## EXERCISE REQUIREMENTS
Set down word for word each line from the one containing "Свет от костра на человеке" through the end of the records, both included. Do not copy any pictures.
[Opening WORKING DATA section]
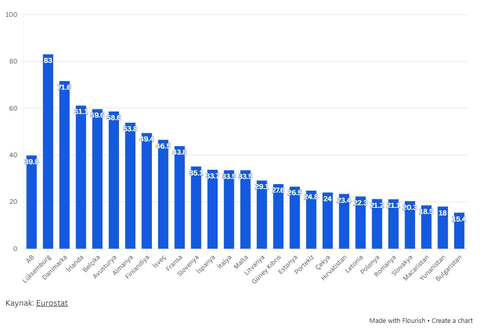 Aİ ölkələri arasında Lüksemburq illik 82 min 969 avro ilə (aylıq 6914 avro və ya 13 min 623 manat ) ən yüksək maaşın olduğu ölkədir. Onun ardınca Danimarka (71 min 565 avro) və İrlandiya (61 min 51 avro) gəlir.
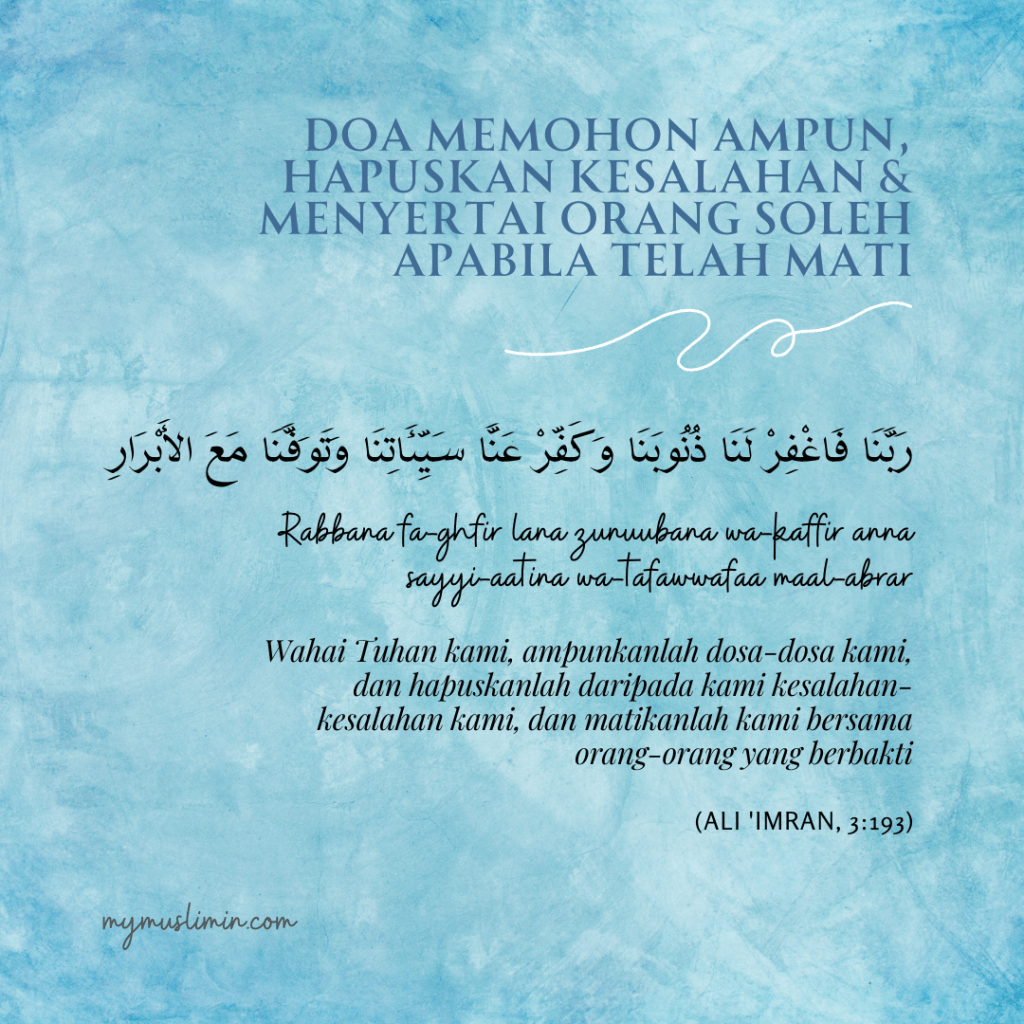 Wahai Tuhan kami, ampunkanlah dosa-dosa kami, dan hapuskanlah daripada kami kesalahan-kesalahan kami, dan matikanlah kami bersama orang-orang yang berbakti
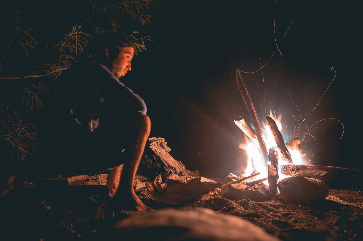 Свет от костра на человеке
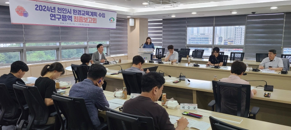 [충청뉴스 최형순 기자] 천안시는 31일 시청 중회의실에서 2024년부터 2028년까지 5개년에 대한 ‘환경교육계획 수립 연구용역 최종보고회'를 개최했다.
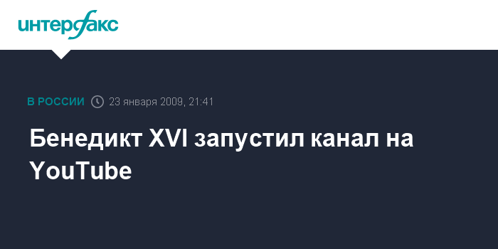 Лондон. 23 января. INTERFAX.RU - Папа римский Бенедикт XVI запустил канал, посвященный Ватикану, на популярном интернет-видеосервисе YouTube, сообщает британская телерадиокорпорация BBC.
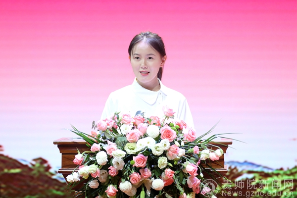 教师代表数学与大数据学院左羽教授,获奖教师代表文学与传媒学院郑颖老师,学生代表生物科学学院学生陈子纯同学依次作了发言。
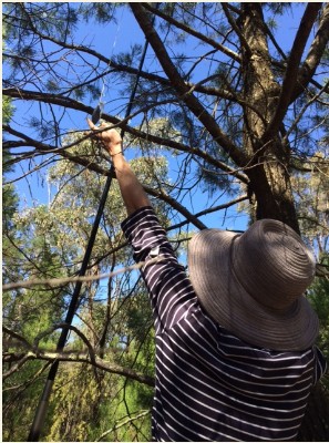 Ms E up atree – retrieving another 80z sinker!
[Closing WORKING DATA section]
## TASK RESPONSE
 Свет от костра на человеке
 [충청뉴스 최형순 기자] 천안시는 31일 시청 중회의실에서 2024년부터 2028년까지 5개년에 대한 ‘환경교육계획 수립 연구용역 최종보고회'를 개최했다.
 Лондон. 23 января. INTERFAX.RU - Папа римский Бенедикт XVI запустил канал, посвященный Ватикану, на популярном интернет-видеосервисе YouTube, сообщает британская телерадиокорпорация BBC.
 教师代表数学与大数据学院左羽教授,获奖教师代表文学与传媒学院郑颖老师,学生代表生物科学学院学生陈子纯同学依次作了发言。
 Ms E up atree – retrieving another 80z sinker!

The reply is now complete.